Problem Statement - Samsung's Hand Gesture Recognition
The zip file contains three files
- hand_gesture_vgg16_final.ipynb - This is the main file. Documented everything there.
- under_sample_Point.py - This file is used to under sample few classes and upsample other classes
- Test_Predictions.ipynb - This is used to load trained models and make predictions for test dataset
- mlp_model_6_73.h5 - The weights file used to load a trained model for classification
- keepcalm_test_predictions.csv - Final test submission file.
High level Approach
- Up sampling class 'A' and under sampling class 'Five' and 'Point' has reduced misclassifications. Hence the move.
- Used VGG16 net to get it's 1st fully connected layer's output as feature representations for images.
- Used these representations to classify gestures with an MLP. (2 hidden layers, used dropout, Cross-Entropy Loss)
- Used Data Augmentation.

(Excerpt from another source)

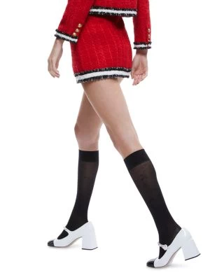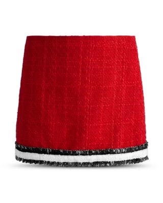 - Contrast striped trim at hem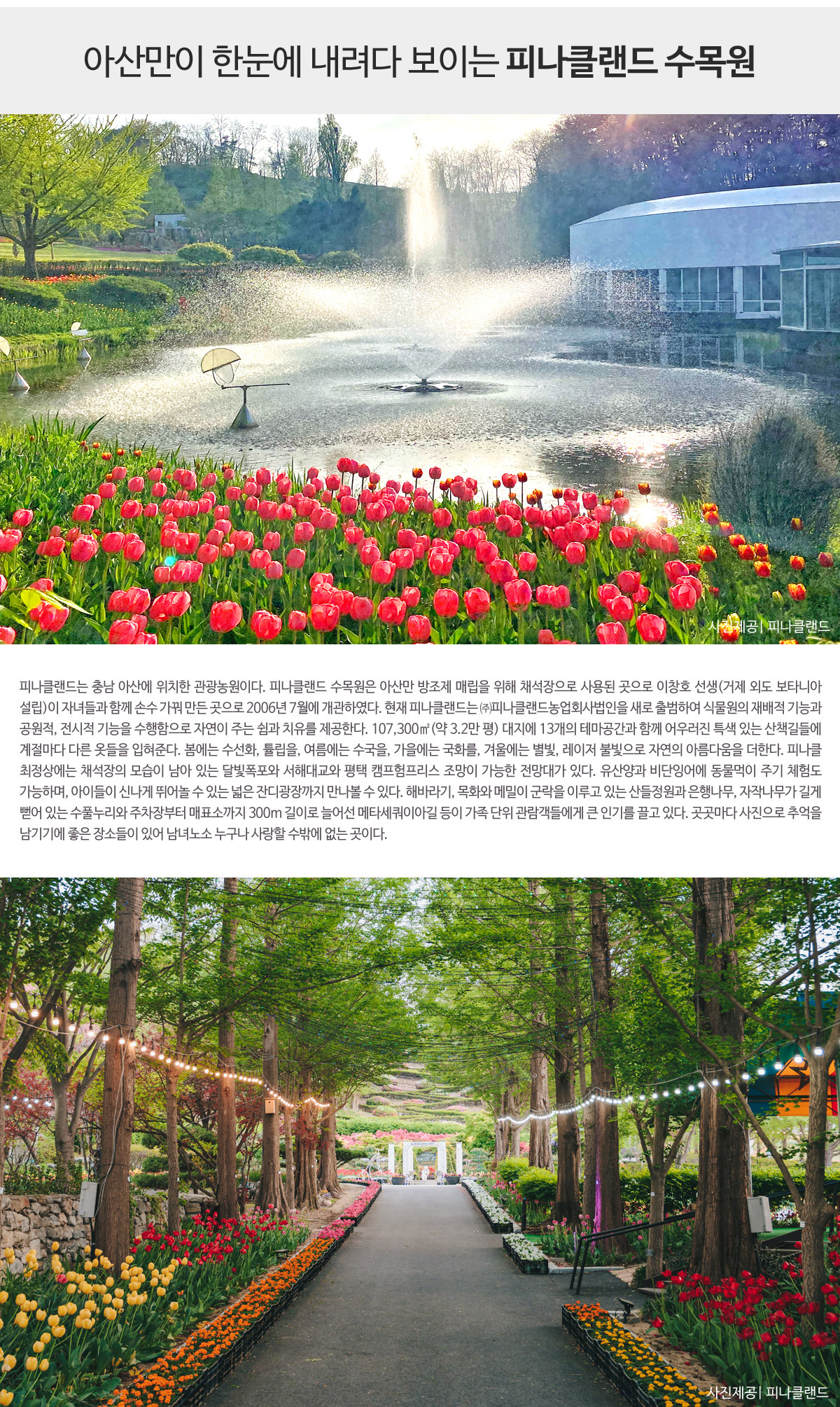 - 봄에는 수선화/튤립, 여름에는 수국, 가을에는 국화, 겨울에는 별빛등 4계절 자연의 아름다움을 전하는 곳

Helped in increasing accuracy.
- Center cropped all images. Most of the images were located at the center of the image. (Cropping proved to increase accuracy big time. Boosted the accuracy by 10%.)
- Plotting Epochs Vs Accuracy to identify threshold for over-fitting.
- Plotting Test images and its predicted labels for visual analysis. Helps know where the network is getting confused.
- Analysing Validation data's confusion matrix also helped in identifying where the misclassifications were happening.
Results: Test results are state of the art (as of this time). ~ 75% accuracy
Hardware Configuration: Processor: Intel Xeon RAM : 256 GB Graphics Card: GTX 1080Ti (11 GB Memory)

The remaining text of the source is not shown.